Congress wants veto power over Trump administration for AI chip exports — new proposed AI Overwatch Act would shift ultimate control of high-performance chip exports
Ban shipments of H200 and MI325X to China, say U.S. lawmakers.
Legislators from the U.S. House of Representatives Foreign Affairs Committee this week advanced the AI Overwatch Act, originally introduced in December, which would give ultimate control over the exports of high-performance data center-grade AI processors to adversary nations to Congress. As reported by Reuters, the bill advanced after the White House introduced its new export rules for fairly advanced AI GPUs from AMD and Nvidia to China, along with a mechanism to get a 25% fee from the exporters.

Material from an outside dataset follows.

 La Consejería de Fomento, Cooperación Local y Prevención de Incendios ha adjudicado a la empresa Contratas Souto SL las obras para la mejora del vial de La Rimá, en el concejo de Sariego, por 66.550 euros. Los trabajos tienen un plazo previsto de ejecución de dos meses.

The AI Overwatch Act belongs to the same legislative family as the SAFE Chips Act introduced in early December, designed to curb shipments of advanced AI processors to adversary nations, such as China, Iran, North Korea, and Russia, but it does so in a different way. The new bill codifies existing performance limitations that allow AMD and Nvidia to ship their H20 and MI308 processors to entities in adversary nations that are not specifically blacklisted by the U.S. government without an export license from the U.S. Department of Commerce's Bureau of Industry and Security. However, everything that offers higher performance would not only be subjected to export controls by the DoC but would also require approvals from Congress, which would have veto power, under the new proposals.

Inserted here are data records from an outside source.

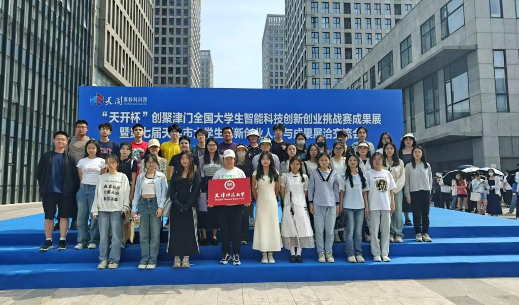 在与各赛道决赛同期举办的第七届天津市大学生创新创业人才与成果展洽交流会中,我校共有5个项目参加创意畅想赛道成果展,3个项目参加创新挑战赛道成果展,2个项目参加创业实践主赛道总决赛当天举办的成果展。我校共计百余名师生到场观摩。
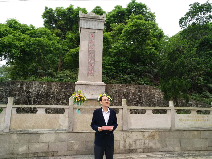 “青山绿水长留生前浩气,苍松翠柏堪慰逝后英灵”。最后,党总支徐超书记在革命烈士墓碑前做了总结讲话。徐超书记以“抚今追昔,饮水思源”作为切入点展开了对往昔、今朝和未来三个重要部分的重点阐述。他号召现场所有员工要做到以下三点:一、要永远牢记在血雨腥风的战争岁月,无数革命烈士为民族解放事业,国家和平统一伟业赴汤蹈火,舍生取义的历史;二、要坚定共产主义的理想信念,弘扬革命先烈们的革命精神,继承和发扬革命烈士忠于党,忠于人民的崇高品质,树立正确的世界观、人生观和价值观。三、要勤学、修德、明辨、笃行,坚持练就过硬本领,勇于创新创造,矢志艰苦奋斗,锤炼高尚品格为实现中华民族的伟大复兴的中国梦做贡献。
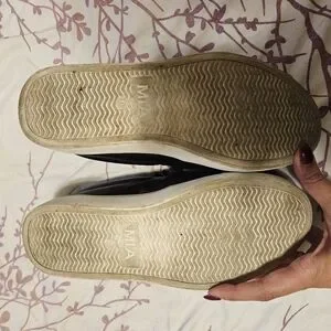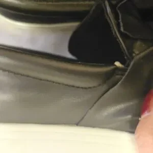 a few flaws shown in the photos, which does not reflect wearing the shoes.

Essentially, if the bill becomes the law, then the U.S. Congress will be able to ban sales of AMD's Instinct MI325X and Nvidia's H200 processors to any Chinese customer, even if the executive branch explicitly allowed them. In addition, if passed, the legislation will terminate existing licenses, impose a temporary blanket denial until a new national security strategy is submitted, and subject any future approvals to 30-day congressional review.
One interesting thing that the bill introduces is that under the AI Overwatch Act, a trusted U.S. person may deploy and operate advanced, otherwise restricted AI GPUs abroad without certain export licenses, provided the hardware remains under U.S. ownership and control, is not placed in a country of concern, and meets strict security, ownership, and audit requirements. In effect, the framework allows the U.S. to export AI capability as a service to allies and partners while keeping physical control of the most powerful processors in American ownership.

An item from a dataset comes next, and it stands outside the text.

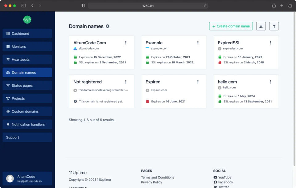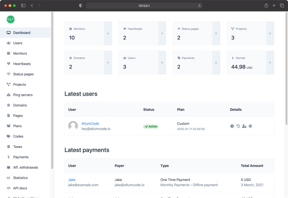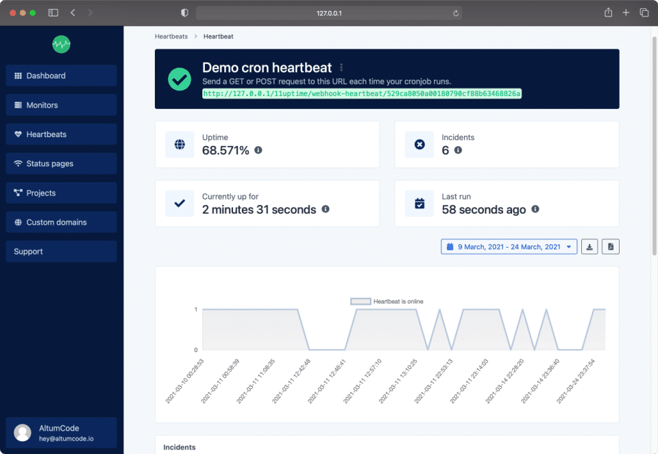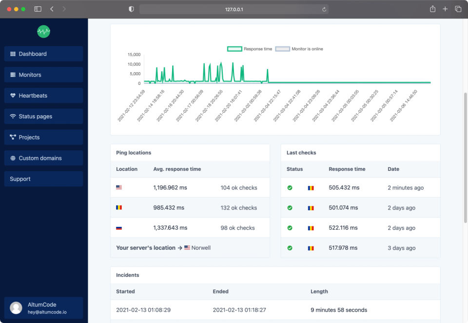 66uptime is the Website Monitoring Software used for the below functionalities.

For now, AMD, Nvidia, and others can sell high-end AI accelerators and servers to all countries except countries of concern without any restrictions. That is set to continue with the AI Overwatch. However, the trusted U.S. person framework is meant to governs ongoing control of AI compute beyond a one-time legal sale. If the bill becomes the law, it will ensure that even when allies access top-tier AI capability, ownership, oversight, and strategic leverage remain permanently with the United States.
"Companies like Nvidia are requesting to sell millions of advanced AI chips, which are the cutting edge of warfare, to Chinese military companies like Alibaba and Tencent," said Brian Mast, the chair the U.S. House of Representatives Foreign Affairs Committee These are the same companies that work to spy against the United States of America, companies that the Chinese Communist Party uses to try and defeat the United States. This bill is very simple. It keeps America's advanced AI chips out of the hands of Chinese commie spies."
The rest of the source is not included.